----- Records shown -----
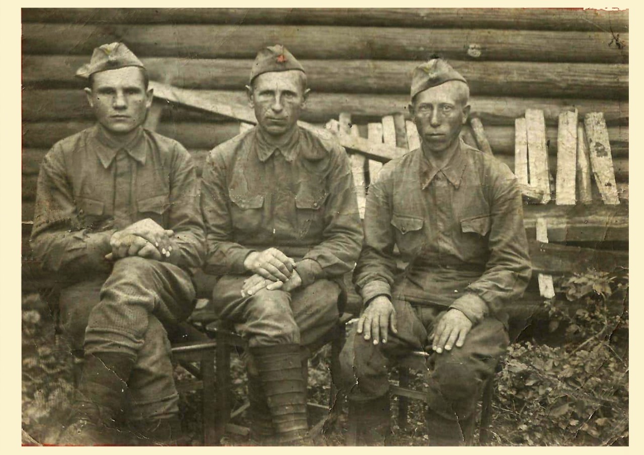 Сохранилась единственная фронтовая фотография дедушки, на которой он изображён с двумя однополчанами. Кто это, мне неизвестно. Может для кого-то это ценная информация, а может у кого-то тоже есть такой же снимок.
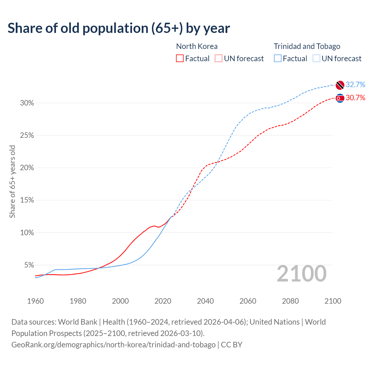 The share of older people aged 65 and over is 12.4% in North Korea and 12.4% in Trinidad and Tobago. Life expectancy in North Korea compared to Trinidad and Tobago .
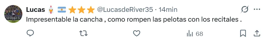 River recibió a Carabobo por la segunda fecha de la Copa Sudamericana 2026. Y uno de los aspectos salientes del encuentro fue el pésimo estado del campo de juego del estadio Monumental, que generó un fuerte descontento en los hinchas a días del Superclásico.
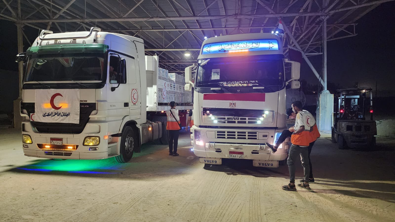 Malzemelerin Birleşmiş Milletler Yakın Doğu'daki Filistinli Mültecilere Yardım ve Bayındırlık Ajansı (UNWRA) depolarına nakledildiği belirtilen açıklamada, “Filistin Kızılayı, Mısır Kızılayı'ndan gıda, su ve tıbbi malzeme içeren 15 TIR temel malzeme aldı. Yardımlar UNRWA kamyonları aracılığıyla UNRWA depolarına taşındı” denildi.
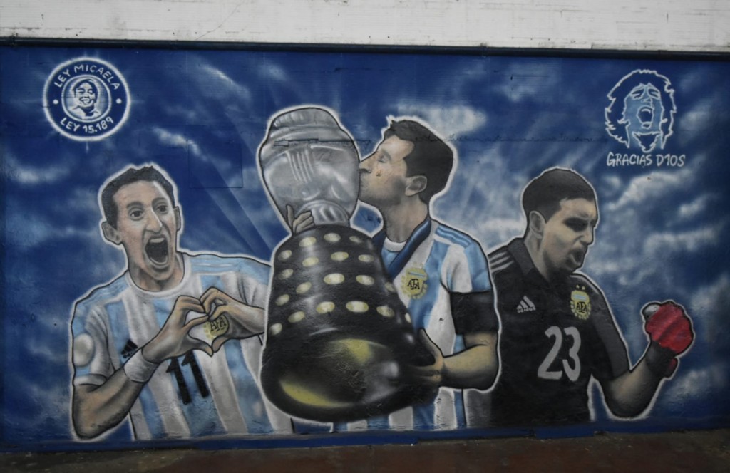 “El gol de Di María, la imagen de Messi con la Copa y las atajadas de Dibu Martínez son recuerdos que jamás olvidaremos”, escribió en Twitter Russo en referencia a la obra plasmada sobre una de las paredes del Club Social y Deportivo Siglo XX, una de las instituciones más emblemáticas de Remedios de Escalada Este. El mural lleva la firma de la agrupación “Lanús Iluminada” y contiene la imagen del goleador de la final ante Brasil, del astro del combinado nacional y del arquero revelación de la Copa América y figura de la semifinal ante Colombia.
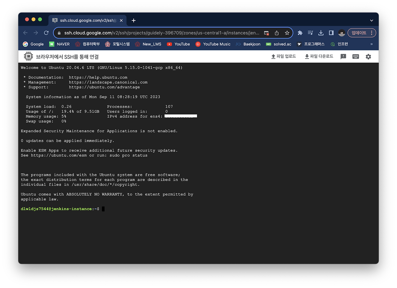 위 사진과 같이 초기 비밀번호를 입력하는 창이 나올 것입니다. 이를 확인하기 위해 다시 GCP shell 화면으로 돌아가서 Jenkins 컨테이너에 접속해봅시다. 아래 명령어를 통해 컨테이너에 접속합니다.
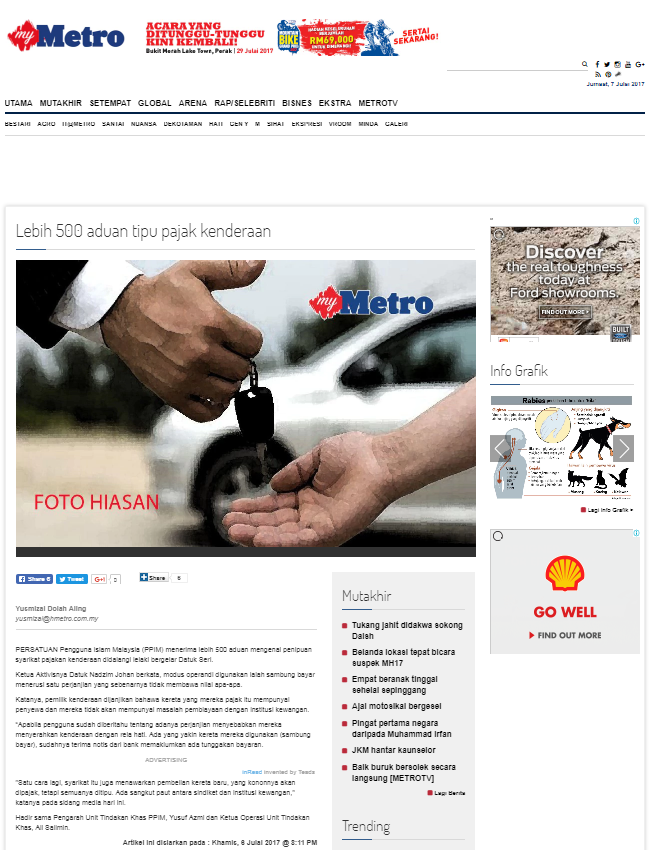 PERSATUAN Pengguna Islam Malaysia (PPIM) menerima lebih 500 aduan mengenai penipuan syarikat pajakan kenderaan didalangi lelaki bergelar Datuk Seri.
-----
■ **Prompt**:
Write out the whole listing exactly. Pictures stay out.

■ **Task result**:
 Сохранилась единственная фронтовая фотография дедушки, на которой он изображён с двумя однополчанами. Кто это, мне неизвестно. Может для кого-то это ценная информация, а может у кого-то тоже есть такой же снимок.
 The share of older people aged 65 and over is 12.4% in North Korea and 12.4% in Trinidad and Tobago. Life expectancy in North Korea compared to Trinidad and Tobago .
 River recibió a Carabobo por la segunda fecha de la Copa Sudamericana 2026. Y uno de los aspectos salientes del encuentro fue el pésimo estado del campo de juego del estadio Monumental, que generó un fuerte descontento en los hinchas a días del Superclásico.
 Malzemelerin Birleşmiş Milletler Yakın Doğu'daki Filistinli Mültecilere Yardım ve Bayındırlık Ajansı (UNWRA) depolarına nakledildiği belirtilen açıklamada, “Filistin Kızılayı, Mısır Kızılayı'ndan gıda, su ve tıbbi malzeme içeren 15 TIR temel malzeme aldı. Yardımlar UNRWA kamyonları aracılığıyla UNRWA depolarına taşındı” denildi.
 “El gol de Di María, la imagen de Messi con la Copa y las atajadas de Dibu Martínez son recuerdos que jamás olvidaremos”, escribió en Twitter Russo en referencia a la obra plasmada sobre una de las paredes del Club Social y Deportivo Siglo XX, una de las instituciones más emblemáticas de Remedios de Escalada Este. El mural lleva la firma de la agrupación “Lanús Iluminada” y contiene la imagen del goleador de la final ante Brasil, del astro del combinado nacional y del arquero revelación de la Copa América y figura de la semifinal ante Colombia.
 위 사진과 같이 초기 비밀번호를 입력하는 창이 나올 것입니다. 이를 확인하기 위해 다시 GCP shell 화면으로 돌아가서 Jenkins 컨테이너에 접속해봅시다. 아래 명령어를 통해 컨테이너에 접속합니다.
 PERSATUAN Pengguna Islam Malaysia (PPIM) menerima lebih 500 aduan mengenai penipuan syarikat pajakan kenderaan didalangi lelaki bergelar Datuk Seri.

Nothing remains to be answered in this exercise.